# Wann braucht man einen eigenen Konstruktor?



## webix (1. November 2003)

Hallo,

bin Anfänger was OOP angeht, steige jetzt in JAVA ein und habe ein paar Fragen, wie z.B. Wann immer muss ein Konstruktor erzeugt werden und wann kann man den Standard Konstruktor benutzen?

Kann man in einem Konstruktor z.B. verschiedene Rechenarten durchführen und diese einer Variable zuweisen?
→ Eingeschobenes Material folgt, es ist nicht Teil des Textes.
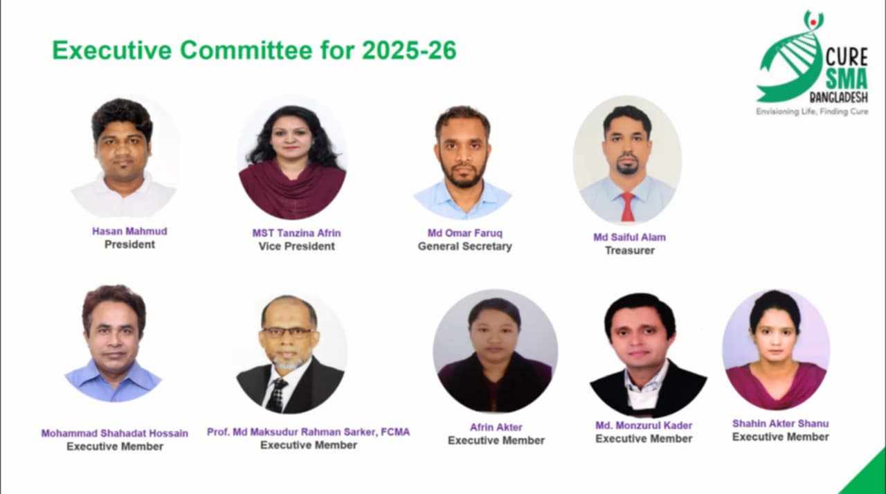 বিরল স্পাইনাল মাসকুলার অ্যাট্রোফি রোগে আক্রান্তদের কল্যাণে কাজ করা দেশের একমাত্র সংগঠন ‘কিউর এসএমএ বাংলাদেশ’ এর নতুন কমিটি গঠিত হয়েছে। আগামী দুই বছরের জন্য এই কল্যাণমূলক ও স্বেচ্ছাসেবী সংগঠনটির সভাপতি নির্বাচিত হয়েছেন গণমাধ্যমকর্মী রাইজিংবিডি ডটকমের প্রধান প্রতিবেদক হাসান মাহামুদ এবং সাধারণ সম্পাদক নির্বাচিত হয়েছেন ইউনিয়ন লিমিটেডের ফিন্যান্স ম্যানেজার মো. ওমর ফারুক।
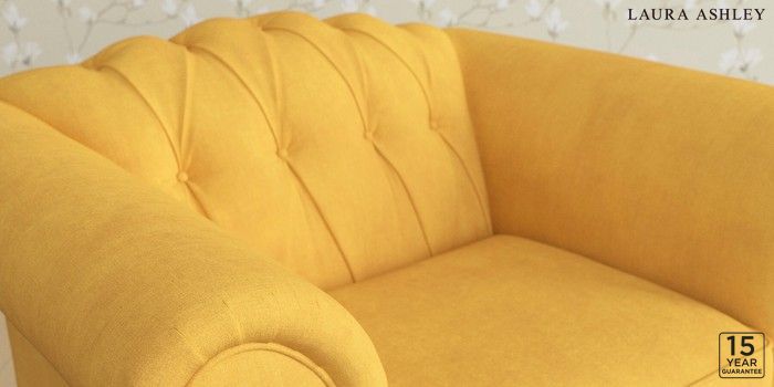 6.12.1 Buy Gloucester Button Back by Laura Ashley Armchair Bainton Ochre Yellow Low Brass Castor - Light Oak from the Next UK online shop Click here to use our accessible website
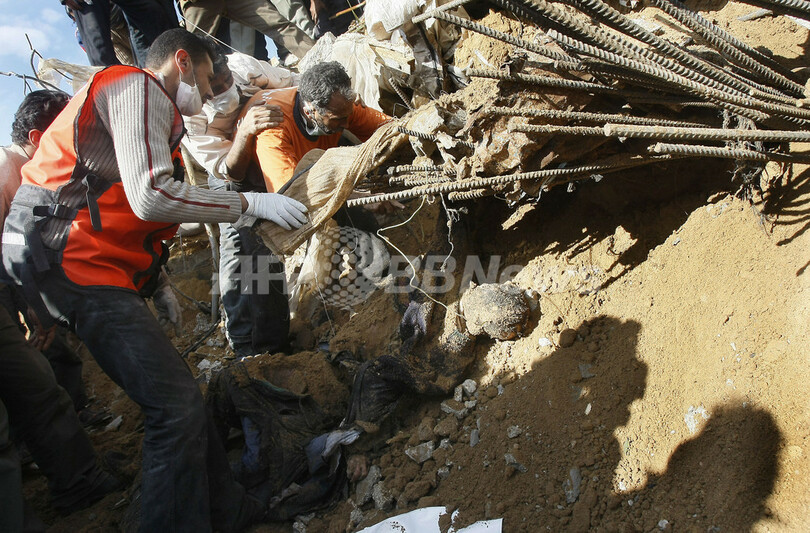 パレスチナ自治区ガザ地区(Gaza Strip)のガザ市(Gaza City)で、イスラエル軍の攻撃で破壊された建物のがれきの中から遺体を収容する人びと。イスラエル軍の撤退開始を受け、ガザ地区では人々が自宅へと帰還し始めた。医療関係者らによると、がれきの中から19日朝までに新たに子どもを含む95人の遺体が発見され、22日間にわたる一連の攻撃での死者数は1300人を超えた(2009年1月18日撮影)。(c)AFP/MAHMUD HAMS
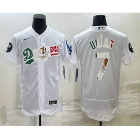 Men's Los Angeles Dodgers #7 Julio Urias Rainbow Number White Mexico Cool Base Nike Jersey
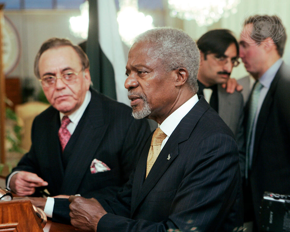 Secretary-General Kofi Annan (second from left) and Pakistani Foreign Minister Khurshid Mehmud Kasuri, address the press after their meeting at the Foreign Minister's office in Islamabad, Pakistan
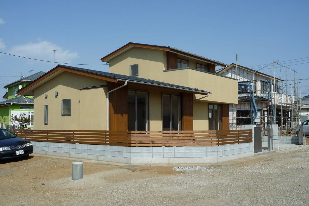 敷地は閑静な住宅地で約52坪の広さがあり、南西の角地で東西方向に幅広い矩形のため、日当たり良い状況の2階建て住宅になっています。
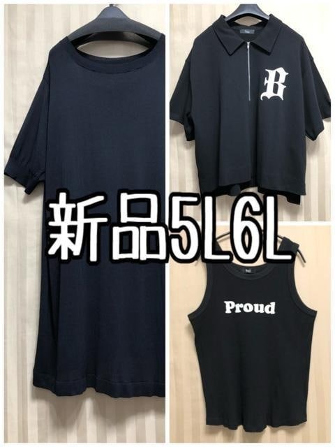 - 新品☆5L6L♪ロゴデザインおしゃれトップス2枚&すけ感チュニックワンピ☆x587
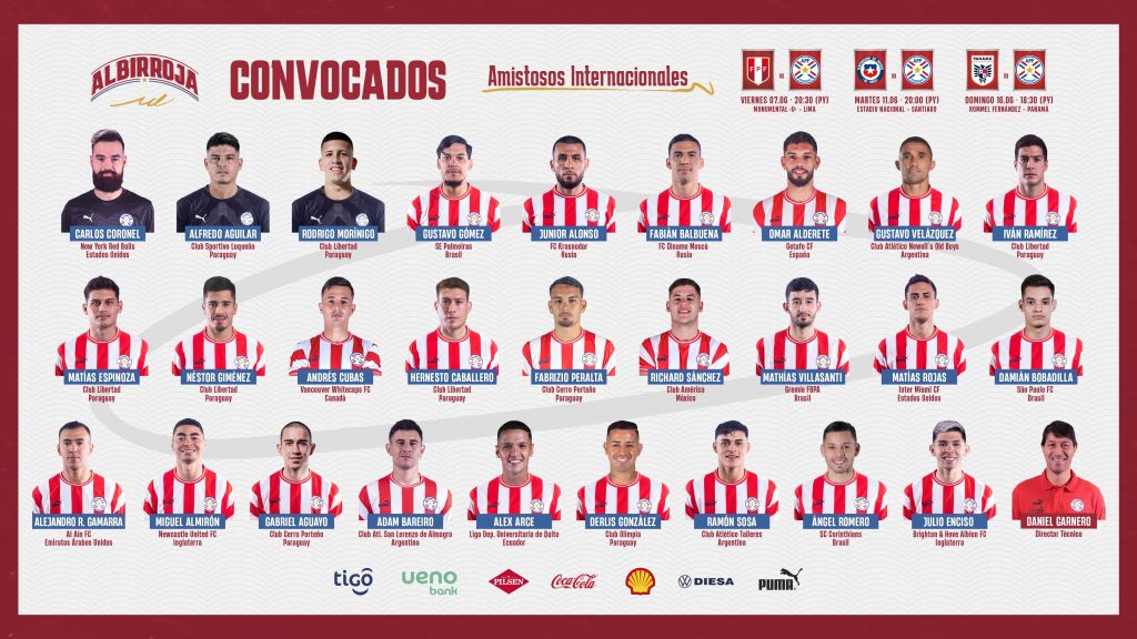 La lista continúa con Matías Espinoza (Libertad), Néstor Giménez (Libertad), Andrés Cubas (Vancouver, Canadá), Hernesto Caballero (Libertad), Fabrizio Peralta (Cerro Porteño), Richard Sánchez (América, México), Mathías Villasanti (Gremio, Brasil), Matías ROjas (Inter Miami, EE.UU.) y Damián Bobadilla (Sao Paulo, Brasil).
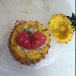 第三步:装饰步骤。将饭盛入菠萝桶内,一颗草莓洗净去叶切半呈桃心状,用牙签挑几粒米饭嵌进草莓果肉面部做成笑脸,然后盖上盖子上桌 一道可口美观有爱的菠萝饭完成了!
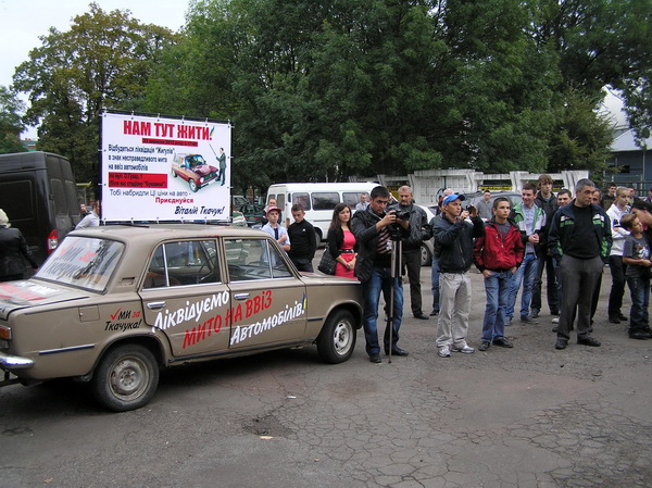 Cвій протест щодо несправедливого і завищеного мита на ввіз автомобілів Віталій Ткачук підтвердив символічним «розбиттям» дітища радянського автопрому машини "Жигулі".
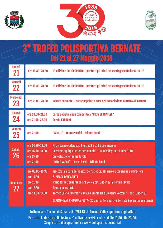 Ma durante lo stesso week end anche la parrocchia di Bernate vivrà il culmine dei festeggiamenti per il 30esimo della fondazione della Polisportiva Bernate.
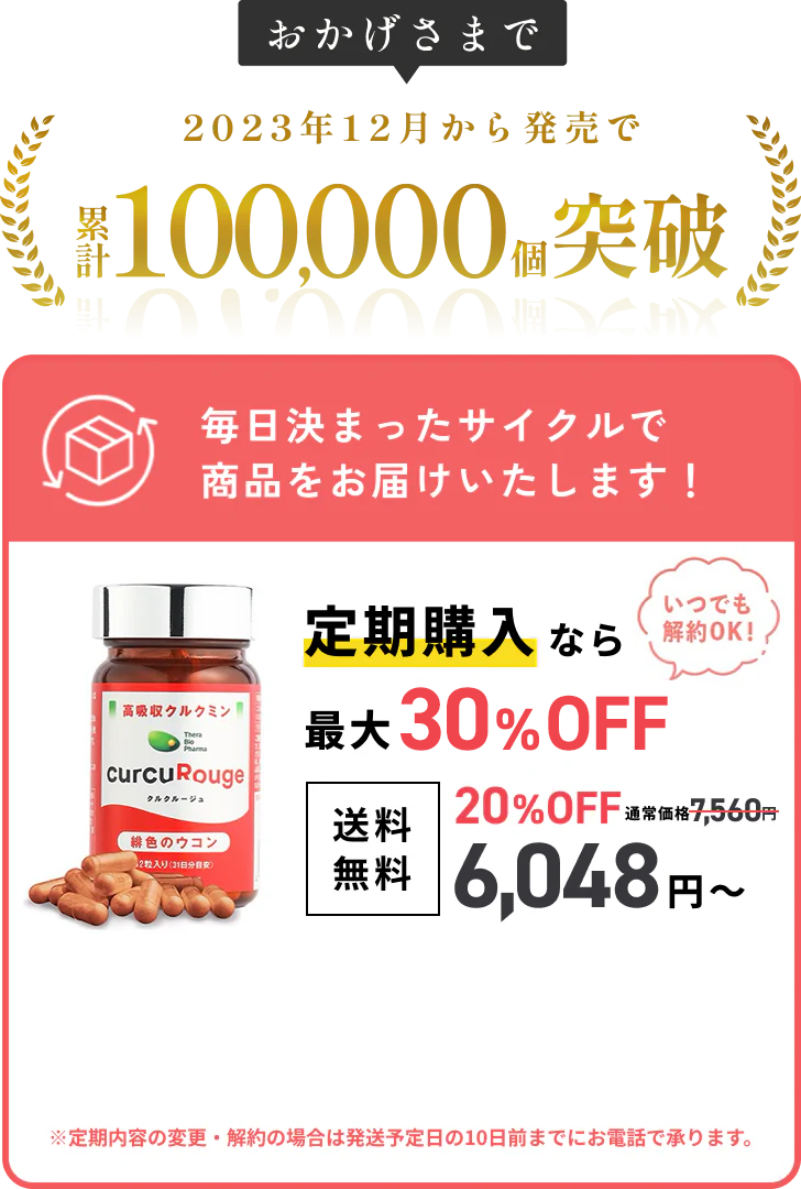 何が違うのですか?クルクルージュは、特許出願中の「アモルファス化技術」を採用し、通常のクルクミンよりも202倍の吸収率を実現しています。少量で効率的に体内に届けることができるのが特長です。

Gibt es im Internet eine leicht verständliche Beschreibung zu JAVA?


----------



## Thomas Darimont (1. November 2003)

Servus!

(JavaBuch, Java Insel)
Ja hier: http://www.tutorials.de/tutorials130790.html

....

Einen eigenen Konstruktur erstellt man normalerweise dann wenn man bei der Konstruktion eines Objektes (new ...) schon irgendwelche Objektspezifischen Daten brauchst ... beispielsweise macht es keinen Sinn ein Netzwerkkommunikationsendpunktsobjekt (Socket) ohne die Angabe eines Zielhosts und Zielports zu erschaffen ...

Gruß Tom


----------



## zeromancer (5. November 2003)

was ich auch immer nicht gerafft habe 

Leitsatz:
Der Konstruktor ist die Methode, die denselben Namen wie die Klasse hat, in der er definiert ist. Er dient dazu, Objekte dieser Klasse zu instanziieren, d.h. zu erzeugen. Man kann auch sagen, dass der Datentyp des Konstruktors die Klasse selbst ist.

Bsp.:

public class Auto
{
      String farbe;

      // Konstruktor
      public Auto
      {
            farbe = "schwarz";
      }

     // "normale" Methode
     public String getFarbe()
     {
          System.out.println(farbe);
     }

}

----------------------------

public class Hauptprogramm
{
    // Objekt instanziieren
    Auto meinAuto = new Auto();
    // hat das geklappt, kann hier eine Methode des Objekts aufgerufen werden
    meinAuto.getFarbe();
}


----------